The convergence is broader than Codex. Huntley's Ralph loop popularized the brute-force version in mid-2025. Anthropic's Claude Code ecosystem has been moving in the same direction: MindStudio describes AutoDream as a planning loop that runs until the goal is met or the agent gets stuck, Channels as a real-time event stream from a running session, and Dispatch as a way to trigger Claude Code programmatically as a background worker. Different wrappers, same pressure: developers want agents that can take a job, work through the middle, and produce an intelligible stop condition.
The counterforce is cost and attention. Ars Technica's Samuel Axon reported in April on Anthropic testing the removal of Claude Code from the Pro plan, with users complaining that looping debugging sessions could consume tokens rapidly. That complaint is not incidental. Persistent agents turn ambiguous tasks into metered spend. If the objective is poorly specified, the loop does not become smarter by running longer. It becomes a paid way to discover that nobody wrote the acceptance criteria.
OpenAI seems to recognize this. In the same 0.128.0 release, the company deprecated --full-auto, the flag closest to giving Codex a blank check, and pointed users toward explicit permission profiles and trust flows. That is the other half of the design. Longer-running agents need narrower lanes.
For builders, the 90-day watch is not whether every coding tool adds a cute /goal command. It is whether agent platforms start exposing completion audits as a product surface: receipts, stop reasons, budget summaries, and state checks that can be reviewed after the run. A team choosing an agent stack should ask a boring procurement question before the demo: when the agent says it finished, what evidence can I inspect?

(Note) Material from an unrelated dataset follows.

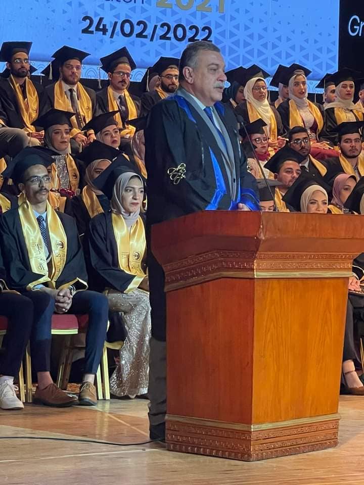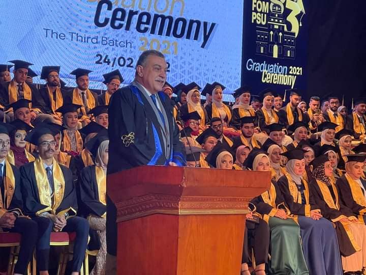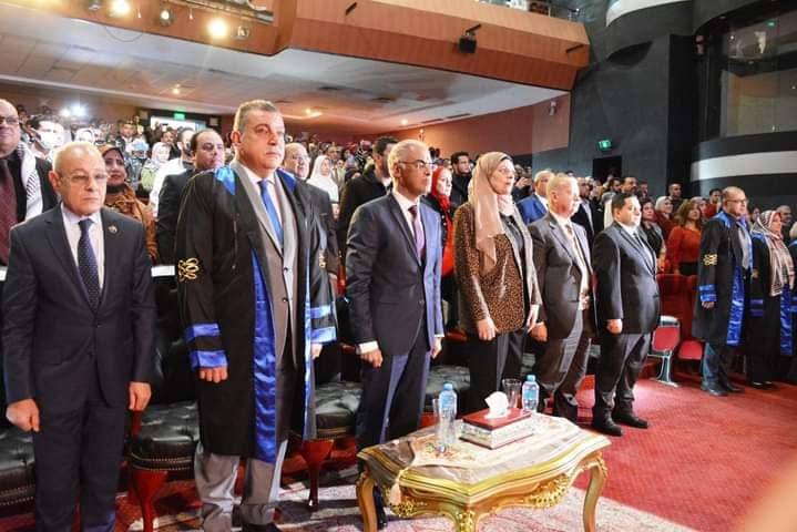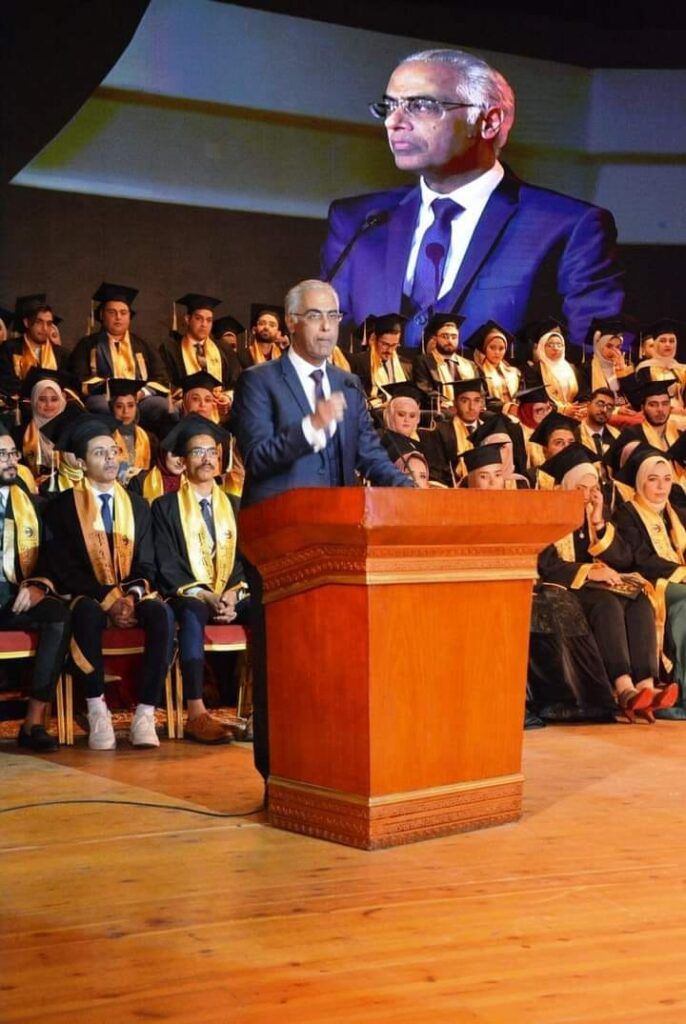 وفى كلمة السيد الأستاذ الدكتور / ايمن محمد إبراهيم رئيس الجامعة رحب فيها بضيوف حفل تخريج الدفعة الثالثة طب بورسعيد والتى تميزت بوجود 10% من خريجها من الوافدين دفعة مميزة نسبة النجاح بها 98% وبها ايضا العديد من الطلاب المبدعين والموهبين فى مختلف الانشطة الطلابية كما وجه سيادته التحية لأولياء الأمور وجهودهم مع أبنائهم للوصول إلى يوم الحصاد العظيم كما أوصى سيادته أبنائه الخريجين بمواصلة الدراسة والبحث العلمي والاجتهاد في حياتهم العملية نظرا لأهمية دور الطبيب في المجتمع ولأننا نفخر بالطبيب المصري في كل أنحاء العالم وأيضا كونهم نماذج رائعة وستظل الجامعة على تواصل معكم وإمدادكم بكل جديد متمنيا لكم كل التوفيق في حياتكم العملية

For investors, the same question points to where margin may move. The valuable layer may not be the wrapper that keeps an agent alive. That part is already becoming common. The valuable layer is the system that constrains the run, prices it, records why it stopped, and proves the work matches the user's request. If that sounds like old enterprise software with a token meter attached, yes. That is why it might actually matter.
The unresolved question is whether those checks survive messy real projects. A prompt can tell an agent not to trust proxy signals. It cannot guarantee the tests cover the actual objective, or that the objective was well written in the first place. Watch the failure reports, not the launch notes. The next useful benchmark for coding agents may be much duller than "can it build the app?" It may be: can it tell, reliably, when the app is actually done?